Selain ekonomi nasional yang meningkat, ekonomi daerah juga turut terdongkrak. Hiramsyah memberi contoh apa yang terjadi di Kabupaten Samosir, Toba, Sumatera Utara. Sejak Toba ditetapkan sebagai salah satu destinasi wisata unggulan, Pendapatan Asli Daerah (PAD) Samosir meningkat 81% pada tahun lalu. Kunjungan wisatawan pun diklaim meroket tajam.

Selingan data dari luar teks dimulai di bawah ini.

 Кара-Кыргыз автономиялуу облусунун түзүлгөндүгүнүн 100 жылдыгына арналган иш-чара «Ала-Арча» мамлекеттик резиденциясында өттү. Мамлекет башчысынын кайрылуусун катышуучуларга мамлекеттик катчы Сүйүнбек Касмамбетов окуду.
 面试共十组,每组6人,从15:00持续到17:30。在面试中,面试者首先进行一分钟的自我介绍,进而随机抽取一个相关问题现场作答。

Memang, jika dilihat secara kumulatif, target wisatawan mancanegara (wisman) yang berkunjung ke Indonesia sedikit di bawah yang diharapkan. Dari target 15 juta, Indonesia berhasil memboyong 13,7 juta wisman. Tahun depan, pemerintah tetap menargetkan 17 juta wisman, sebelum pada tahun 2020 menjadi 20 juta wisman.
Meski tak memenuhi target, Indonesia masih menjadi negara dengan pertumbuhan pariwisata terbesar di Asia Tenggara bersama dengan Vietnam. The Telegraph menyebut negeri ini berhasil menjaga momentum pertumbuhan pariwisata sebesar 24% di saat pertumbuhan di ASEAN hanya 8% dan di dunia 6,4%.

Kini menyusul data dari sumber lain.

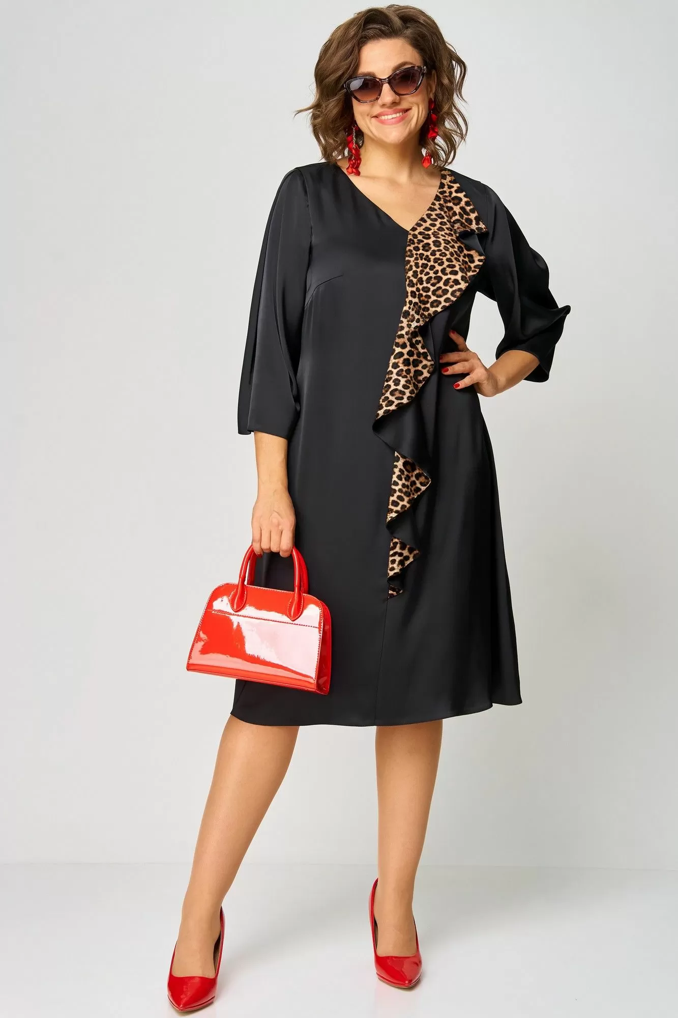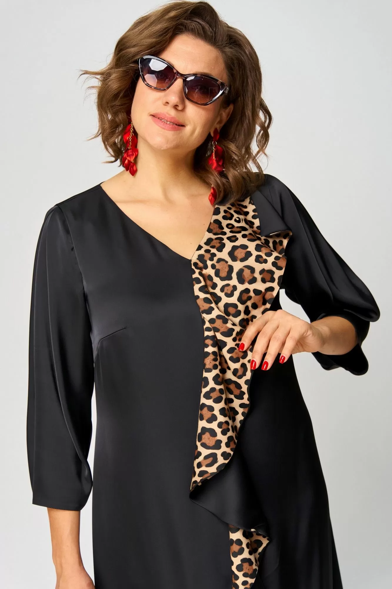 Платье женское А-образного силуэта, выполнено из плательной ткани в сочетании с отделкой. Вырез горловины V-образный обработан обтачкой. Рукав втачной 7/8, со встречной складкой по центру. От плеча по левой стороне переходящее по центру платья вставлен отделочный элемент в виде волана.

Tak hanya itu, indeks pariwisata Indonesia menurut World Economy Forum (WEF) terus melompat dari urutan 70 pada tahun 2013 naik menjadi 50 pada tahun 2015, dan saat ini naik posisi di peringkat 42. Pada tahun 2019 nanti, Indonesia diharapkan masuk posisi 30 besar.
Karena itu, Hiramsyah meyakini apabila pertumbuhan tersebut mampu bertahan sebesar 20% hingga tahun depan, sektor pariwisata bakal menjadi sektor non-migas pertama yang mendulang devisa negara terbesar di Khatulistiwa.
“Karena itu, perlu membangun destinasi baru yang tidak lagi tergantung pada tiga destinasi utama, yaitu Bali, Kepulauan Riau, dan Jakarta,” timpal dia.
Dirinya bersama tim menyerukan strategi penta helix yang menitikberatkan pada sektor swasta sebagai ujung tombak pembangunan pariwisata. Di saat yang sama, pemerintah akan bertindak sebagai pendukung. Penta helix ini merupakan kolaborasi lintas sektor, mulai dari akademisi, pebisnis, pemerintah, komunitas, hingga pelaku media.
Tak hanya itu, pihaknya juga menelurkan sepuluh langkah prioritas dalam mempercepat pencapaian target, antara lain dengan mendorong digital e-tourism, homestay desa wisata, memperbanyak rute penerbangan pesawat terbang (airlines), aktivitas branding, peningkatan investasi pariwisata, serta pengelolaan pusat krisis.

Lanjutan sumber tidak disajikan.